Project description:The most outstanding feature of scanning force microscopy (SFM) is its capability to detect various different short and long range interactions. In particular, magnetic force microscopy (MFM) is used to characterize the domain configuration in ferromagnetic materials such as thin films grown by physical techniques or ferromagnetic nanostructures. It is a usual procedure to separate the topography and the magnetic signal by scanning at a lift distance of 25-50 nm such that the long range tip-sample interactions dominate. Nowadays, MFM is becoming a valuable technique to detect weak magnetic fields arising from low dimensional complex systems such as organic nanomagnets, superparamagnetic nanoparticles, carbon-based materials, etc. In all these cases, the magnetic nanocomponents and the substrate supporting them present quite different electronic behavior, i.e., they exhibit large surface potential differences causing heterogeneous electrostatic interaction between the tip and the sample that could be interpreted as a magnetic interaction.

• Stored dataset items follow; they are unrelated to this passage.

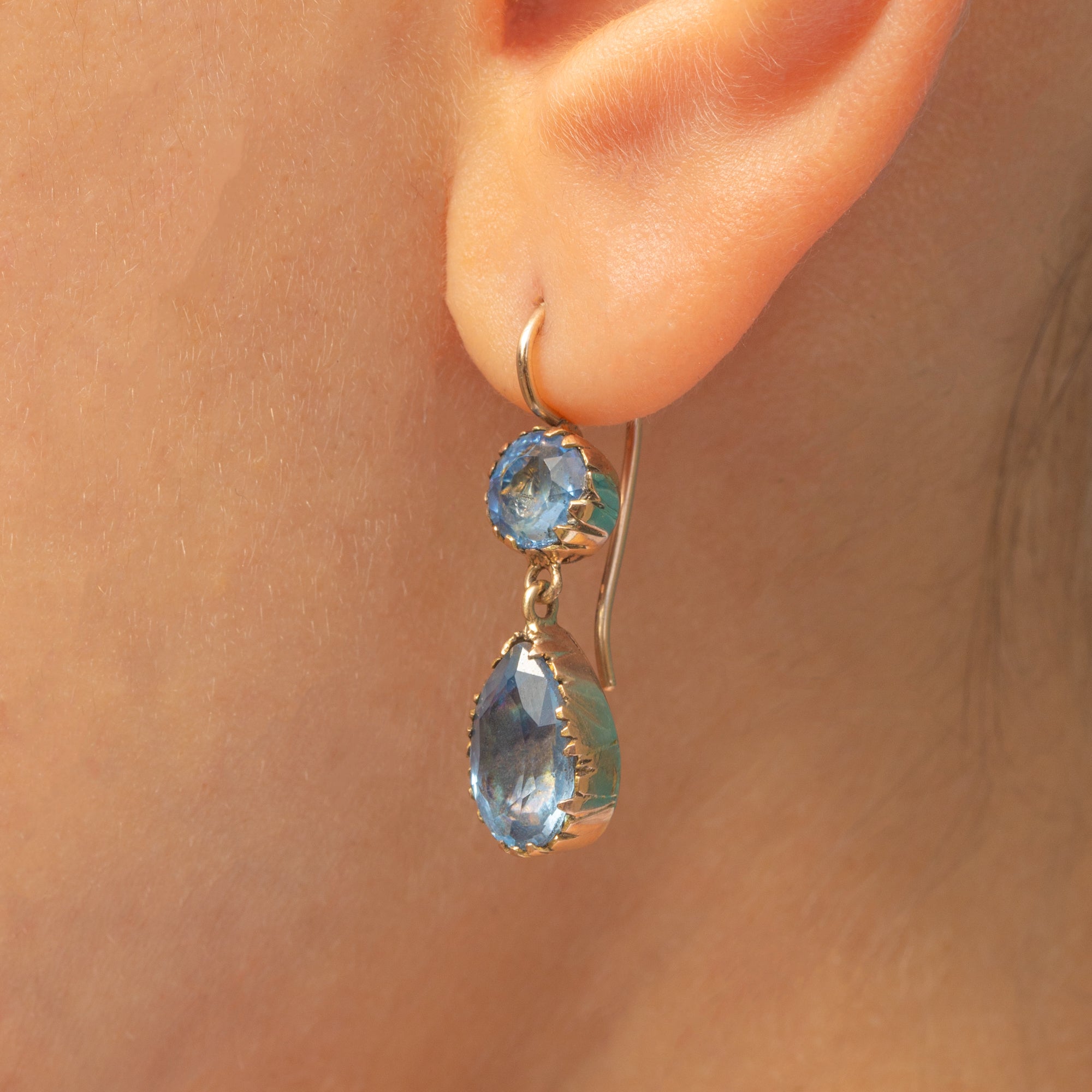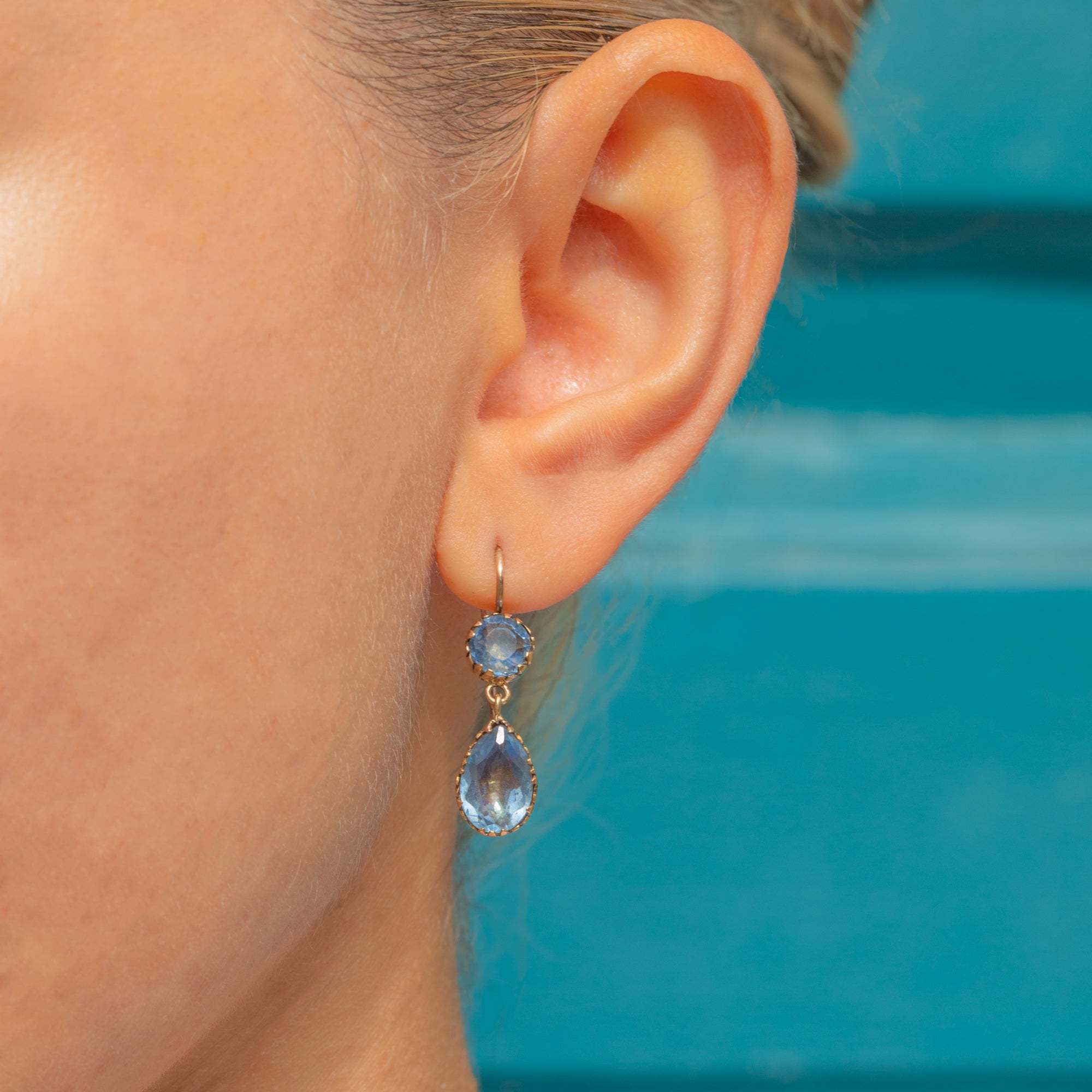 With closed backs, the stones are set in glossy 9ct Gold; the warmth of the Gold effortlessly complements the cool tones of the aqua blue Paste. Dancing with movement as they suspend from elongated hooks, these Georgian earrings are a resplendent antique pair to add to your collection.
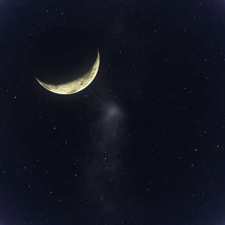 Night sky with stars and milky way. The moon in the night sky
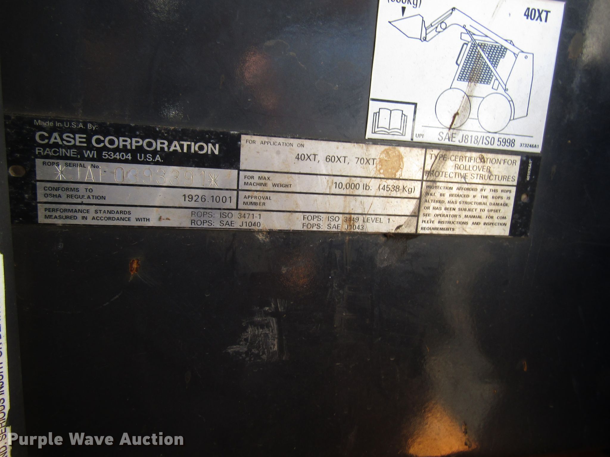 Purple Wave is selling a used Skid Steer Loader in Missouri. This item is a 2003 Case 40XT skid steer with the following: 2,462 hours on meter, Four cylinder diesel engine, Hydrostatic transmission, Open station/canopy, Hand bucket controls, 60"W bucket, Weld-on cutting edge, Manual quick coupler, Auxiliary hydraulics, 31 x 10-20 solid tires, Serial 1AF0387540, Unit# E15
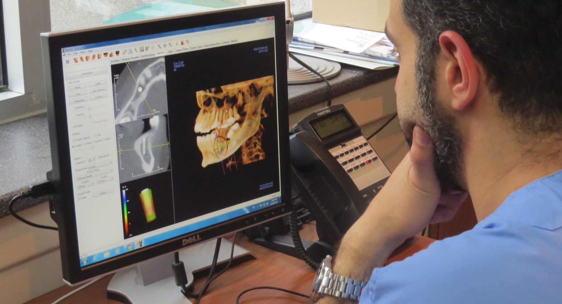 Digital technology plays a central role in modern dental implant treatment. In Montreal, CBCT (cone beam computed tomography) imaging allows precise evaluation of bone volume, adjacent tooth roots, and available space for the implant.
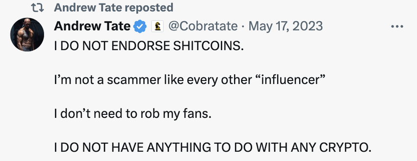 암호화폐 커뮤니티에서는 인플루언서 앤드류 테이트가 출시할 것으로 알려진 새로운 코인의 진위 여부에 대해 회의적인 반응을 보이고 있습니다. 뉴스 미디어는 그가 자신의 돈 1억 달러로 새로운 코인을 후원할 것이라는 의문의 트윗을 올렸습니다.
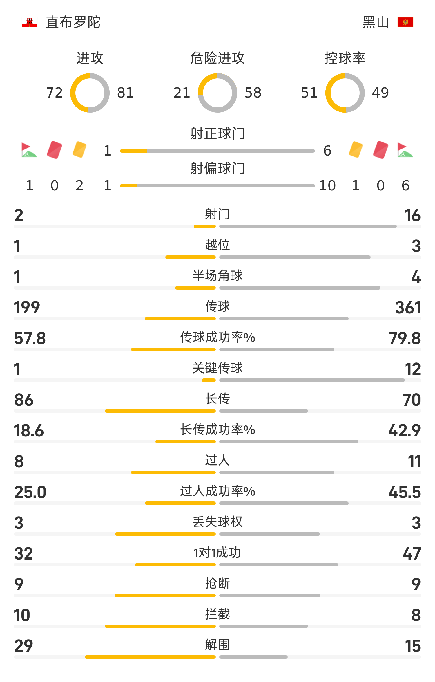 6686体育官网11月15日讯 世欧预分组赛L组第9轮,直布罗陀坐镇主队场迎战黑山。此役上半场,杰索普单刀破门,阿季奇主罚自由球建功扳平局赛果分,科斯托维奇点射命中。易边再战,双方均未破门。全场竞赛终结,黑山2-1直布罗陀。

To distinguish clearly the origin of the tip-sample forces we propose to use a combination of Kelvin probe force microscopy (KPFM) and MFM. The KPFM technique allows us to compensate in real time the electrostatic forces between the tip and the sample by minimizing the electrostatic contribution to the frequency shift signal. This is a great challenge in samples with low magnetic moment. In this work we studied an array of Co nanostructures that exhibit high electrostatic interaction with the MFM tip. Thanks to the use of the KPFM/MFM system we were able to separate the electric and magnetic interactions between the tip and the sample.